Retrieving the generated identity value:
-- After an INSERT:
VALUES IDENTITY_VAL_LOCAL();
-- Returns the most recently generated identity value in the current session
-- Or, using the SELECT FROM INSERT pattern (Section 9.7):
SELECT customer_id FROM FINAL TABLE (
INSERT INTO meridian.customer (first_name, last_name, email, branch_id)
VALUES ('Marcus', 'Chen', 'mchen@email.com', 102)
);
IDENTITY_VAL_LOCAL() is session-scoped -- it returns the last identity value generated by an INSERT in your session, regardless of what other sessions are doing. It is safe in concurrent environments.
9.8.2 Sequence Objects
Sequences are standalone database objects that generate numeric values independently of any table:
CREATE SEQUENCE meridian.transaction_seq
AS BIGINT
START WITH 1000000
INCREMENT BY 1
NO MAXVALUE
NO CYCLE
CACHE 50;
To use a sequence in an INSERT:
INSERT INTO meridian.transaction_history
(transaction_id, account_id, transaction_type, amount, transaction_date)
VALUES
(NEXT VALUE FOR meridian.transaction_seq, 20001, 'DEPOSIT', 1500.00, CURRENT DATE);
NEXT VALUE FOR advances the sequence and returns the next value. PREVIOUS VALUE FOR returns the last value generated by NEXT VALUE FOR in the current session (similar to IDENTITY_VAL_LOCAL() but for sequences).
Key sequence parameters:
- CACHE n -- DB2 pre-allocates n values in memory for performance. This is critical for high-insert environments. Without caching, every sequence value requires a catalog update. With CACHE 50, DB2 only updates the catalog every 50th value.
- NO CYCLE -- The sequence does not wrap around when it reaches MAXVALUE. It raises an error instead. For primary keys, you almost always want NO CYCLE.
- ORDER / NO ORDER -- [z/OS] In a data sharing environment, ORDER guarantees that values are generated in strict chronological order across all members. This adds overhead due to cross-member coordination. NO ORDER allows slight reordering for better performance.

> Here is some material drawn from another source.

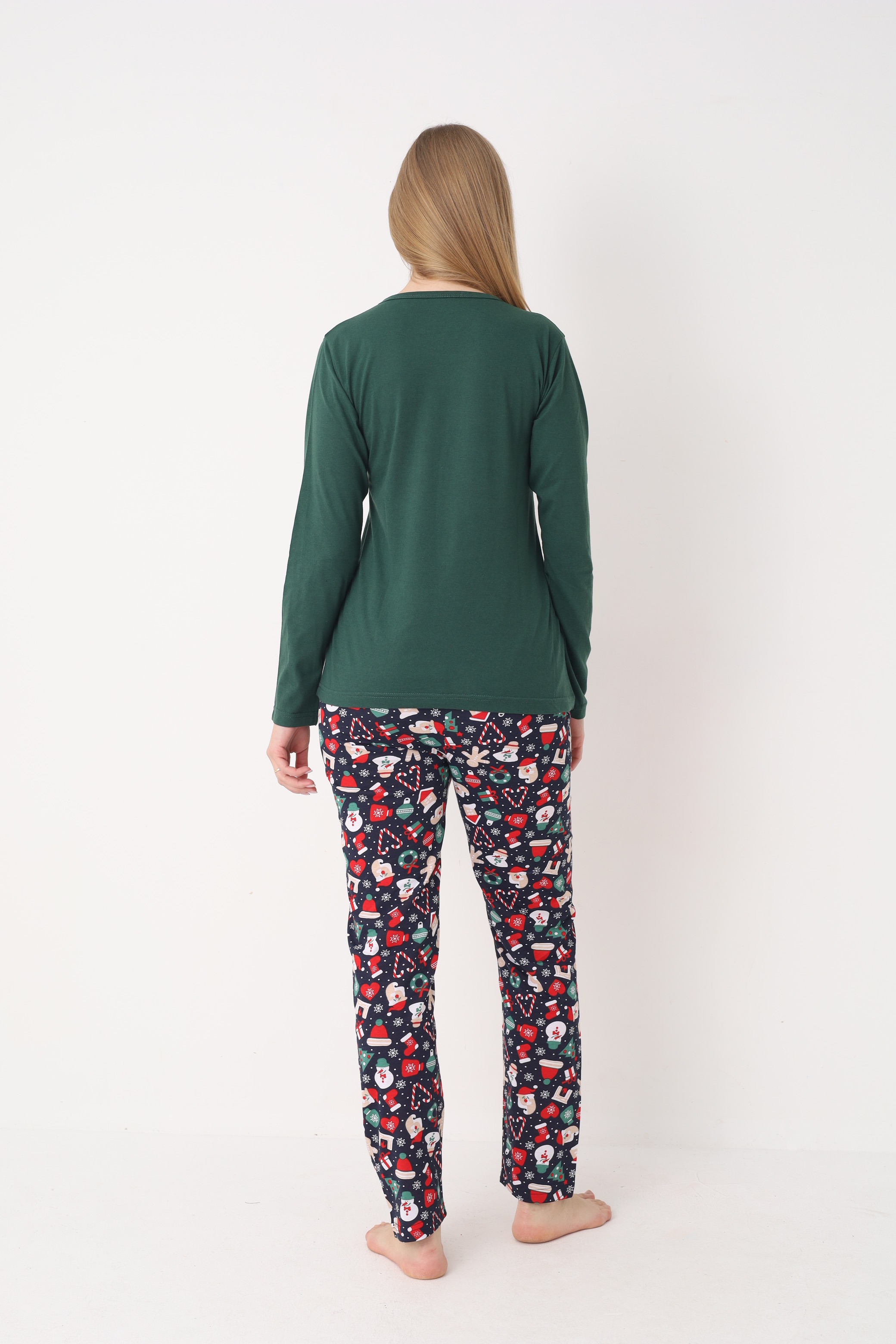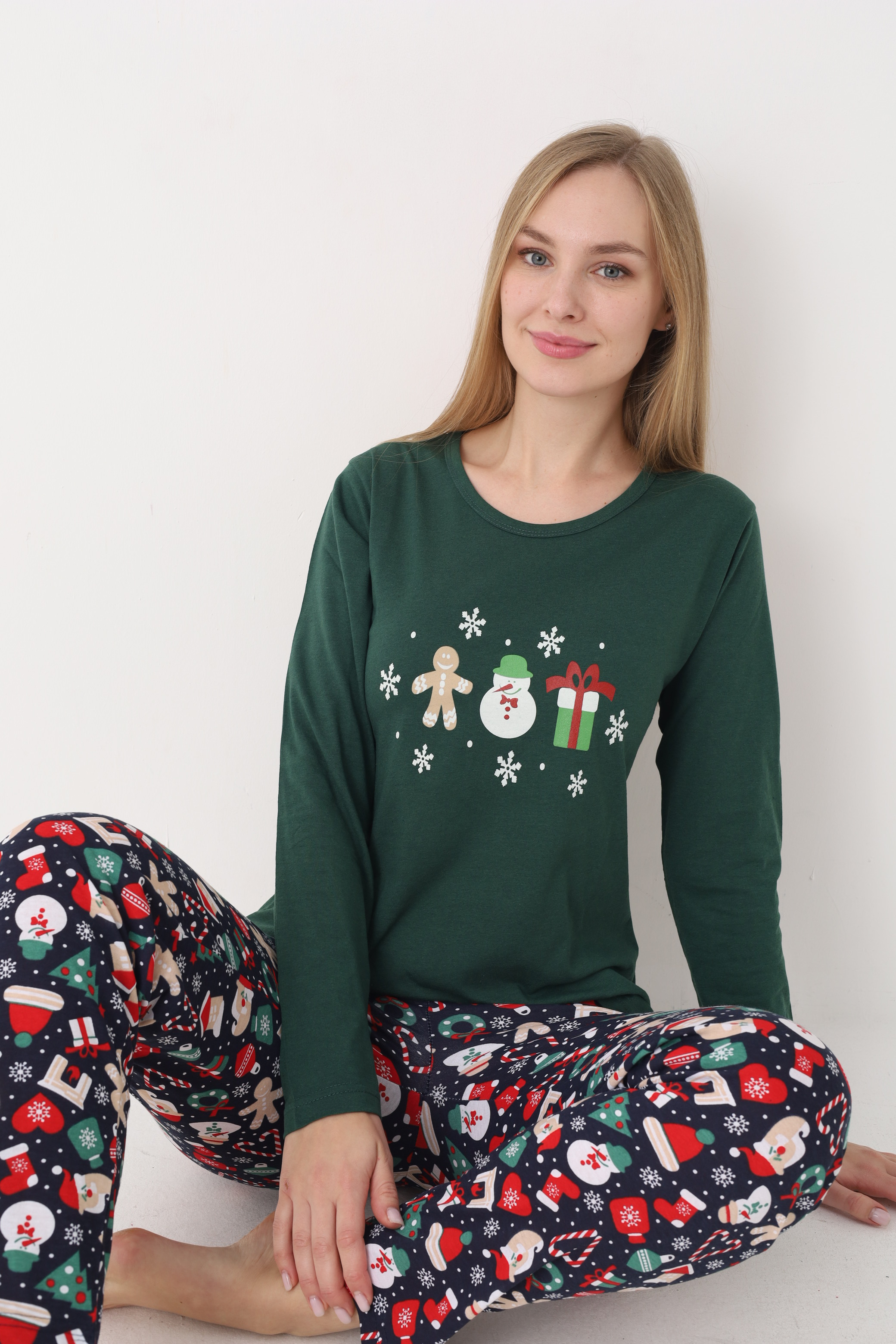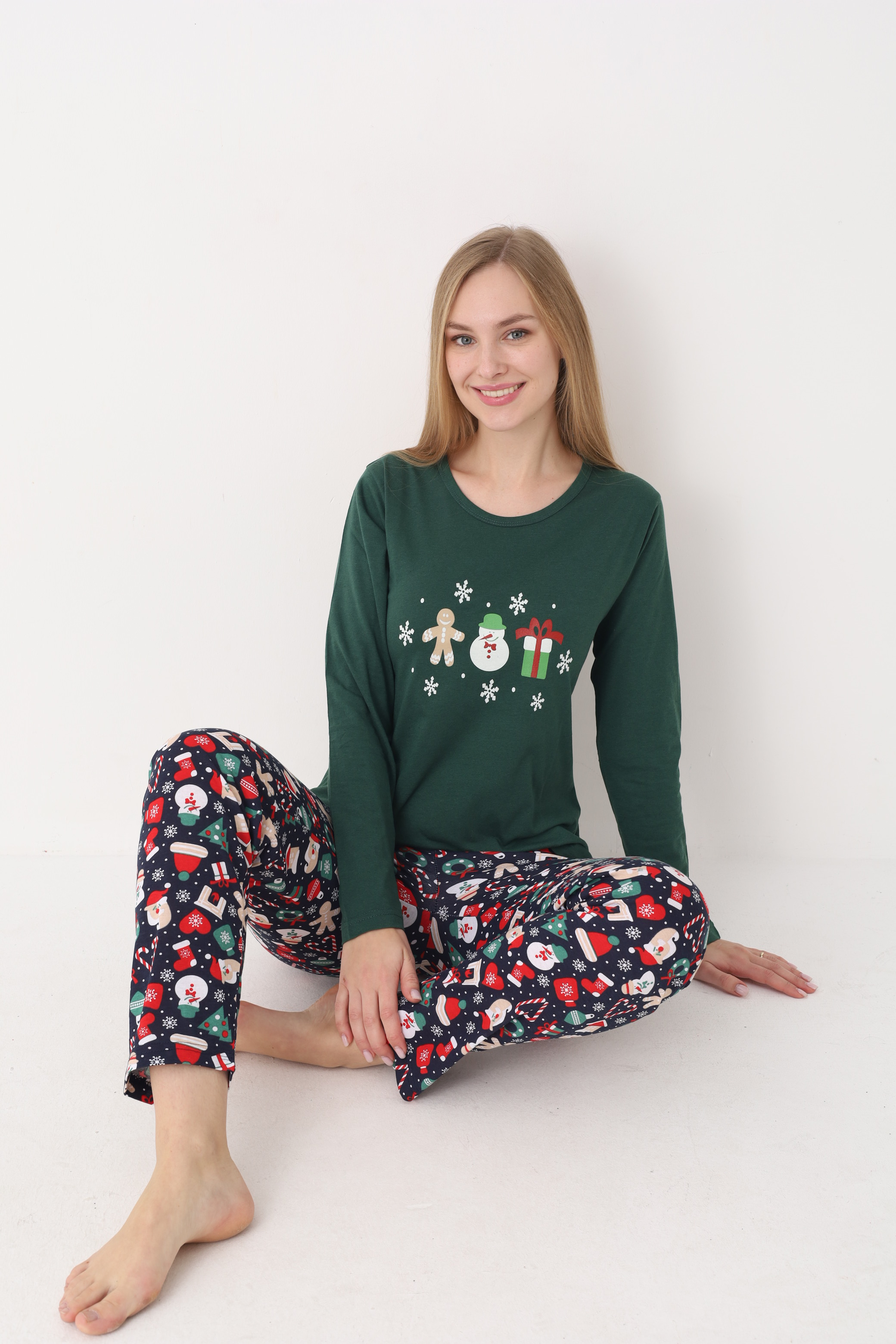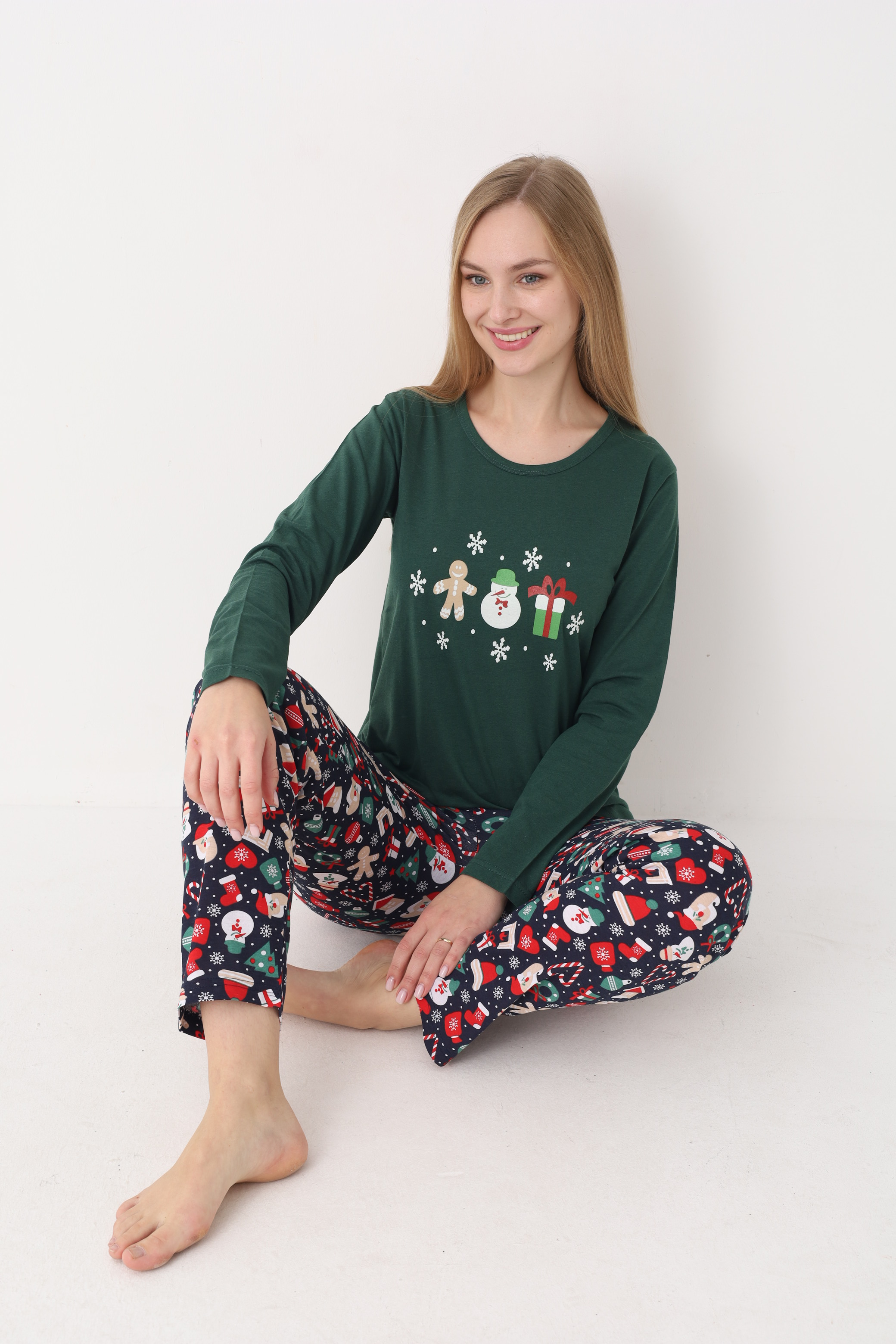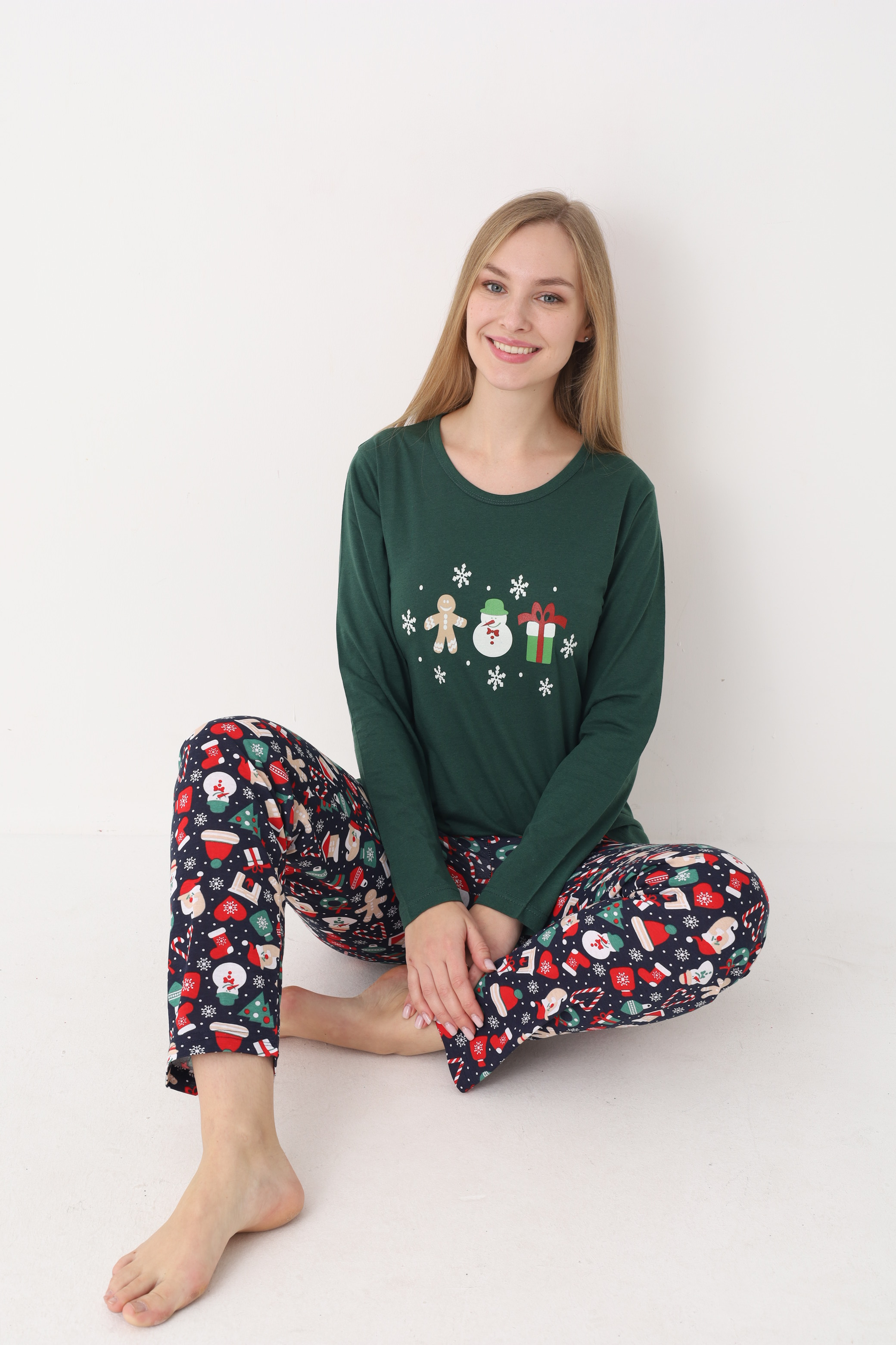 Pijama dama Craciun,maneca lunga si pantaloni lungi,imprimeu figurine festive, En-gros
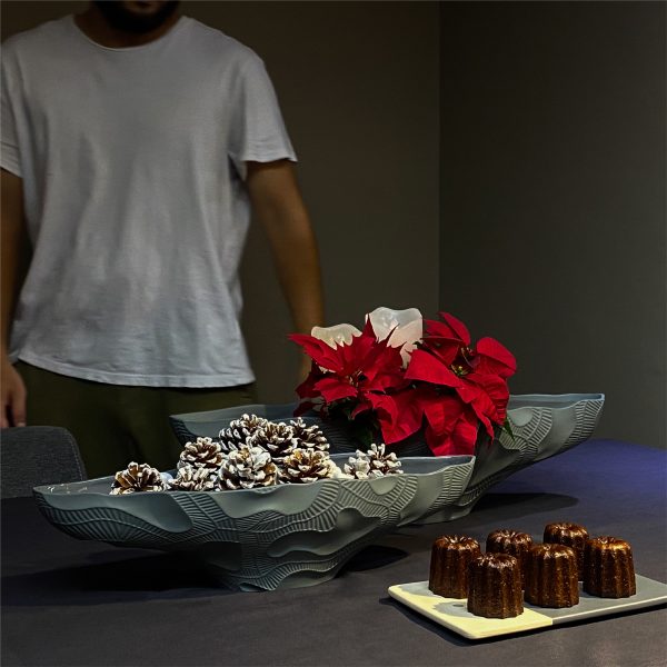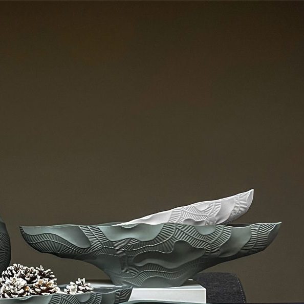 自然系列 葉紋長形花器-大 莫蘭迪綠

9.8.3 Identity vs. Sequence: When to Use Which
| Criterion | Identity Column | Sequence Object |
|---|---|---|
| Scope | Tied to one table | Can be used across multiple tables |
| Syntax | Value generated automatically on INSERT | Must explicitly use NEXT VALUE FOR |
| Flexibility | Limited (one per table) | Unlimited (create as many as you need) |
| Data migration | Awkward with GENERATED ALWAYS | Easy (just stop using the sequence during load) |
| Multi-table keys | Not suitable | Ideal (one sequence generates keys for related tables) |
Meridian Bank convention: Use sequences for transaction IDs (shared across multiple transaction tables) and identity columns for single-table surrogate keys (customer_id, account_id).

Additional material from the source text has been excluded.